Anksiyete ve depresyon arasındaki 5 fark

Anksiyete ve depresyon arasındaki 5 fark / Klinik psikoloji

Hem kaygı hem de depresyon, ruh sağlığının daha sık meydana geldiği sorunlardan ikisinin bir parçasıdır. Sonuçta, hem duygusal hem de iş yükü ve duygudurum bozuklukları milyonlarca insanı etkiler ve neredeyse her tür yaşam koşulunda kendini gösterir..

Ancak, aynı zamanda, konuyla ilgili uzman olmayan bir kişinin, bir ve bir diğer değişikliğin semptomlarını nasıl tanıyacağını bilmenin de her zaman kolay olmadığı da doğrudur. Bu makalede, temel olan oryantasyon bilgisi olarak göreceğiz. Anksiyete ve depresyon arasındaki farklar, farklı şekillerde olmasına rağmen bize çok acı çekmemizi sağlayan iki psikolojik devlet.

  • İlgili makale: "Stres ve kaygı arasındaki 6 fark"

Depresyon ve anksiyete arasındaki farklar

Anksiyete ve depresyonun tipik özelliklerini belirlemek için, aşağıdaki anahtarları referans olarak alın..

1. Motivasyon derecesi

Depresyon yaşayan insanlar, abulia olarak bilinen bir semptom yaşarlar. Abulia, temel olarak, bir şeyler yapma arzusunun eksikliği inisiyatifidir. Yani, depresyonun ana varyasyonlarında, devletin acı çekeceği söylenebilir. hiçbir şey yapmak için motive olmadığını hissediyor, eğlenceli görünen ve çaba gerektirmeyen faaliyetler yapılması önerildiği halde.

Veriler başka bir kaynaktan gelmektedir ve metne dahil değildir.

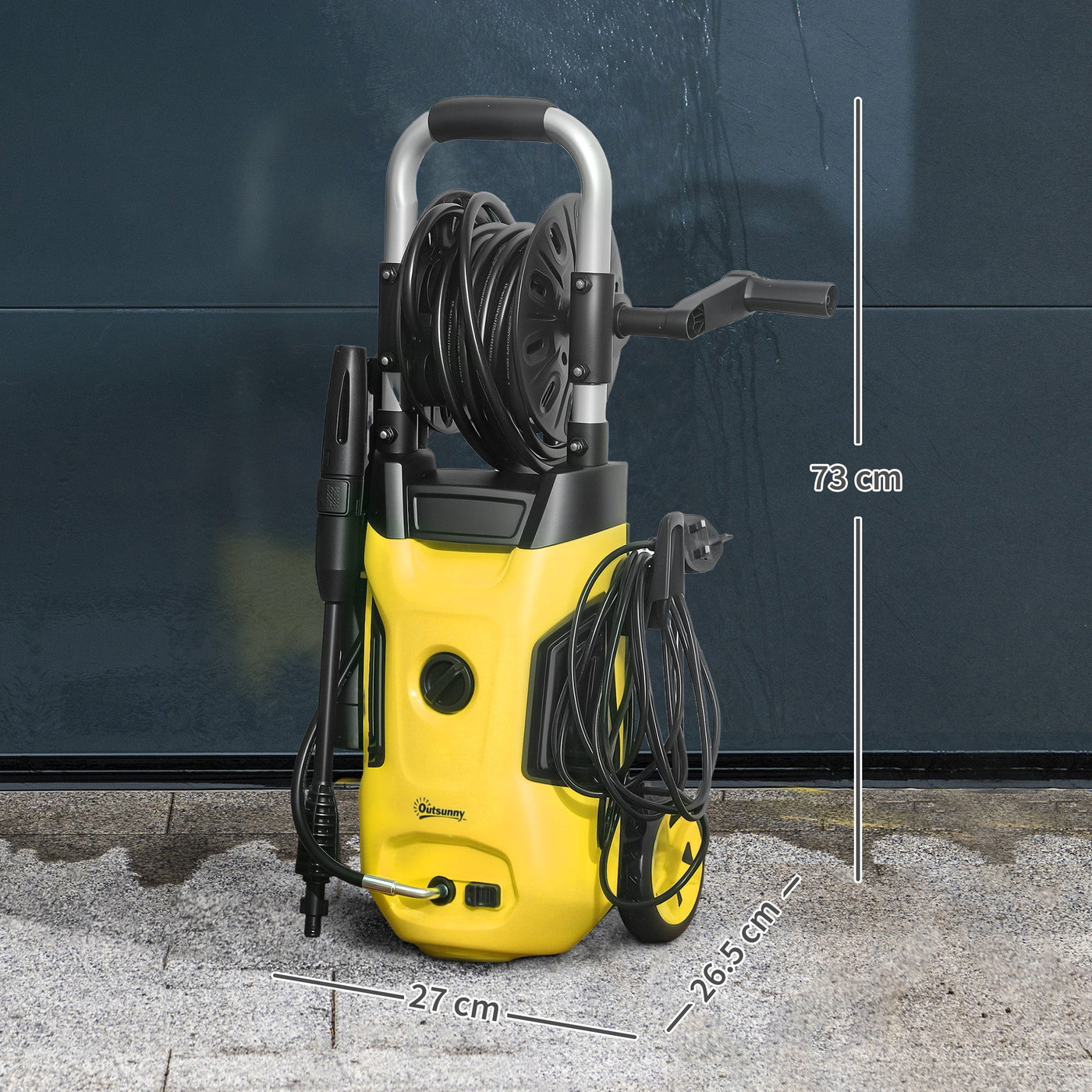 Outsunny 1800W High Pressure Washer, 150 Bar Pressure, 420 L/h Flow, Portable Power Washer Jet Wash Cleaner with Adjustable Nozzle, 6M Hose, Hose Reel, Steel Handle for Home Patio Car Driveway, Yellow - Yellow

Buna karşılık, endişe yaşayan insanlar önceki özelliklere uymuyor. Zihinsel tükenmişlik durumlarının onları çabucak yorulma ihtimalini arttırması olasıdır, ancak çoğu durumda dinlenirken sorunları olur ve bunun yerine, kendilerini meşgul tutmak ve ne istediklerini düşünmek zorunda kalmamak için eğlence bulmaya çalışırlar. Endişeye.

  • İlgili makale: "¿Birkaç tür depresyon var mı? "

2. nedenleri

Anksiyete nedenleri, günlük olarak mevcut olmaları nedeniyle bizi bu duruma götüren neredeyse uykuda çeşitli faktörlere cevap verebilir: uyku eksikliği, madde bağımlılığı, belirli sosyal veya ekonomik sorunlar, vs.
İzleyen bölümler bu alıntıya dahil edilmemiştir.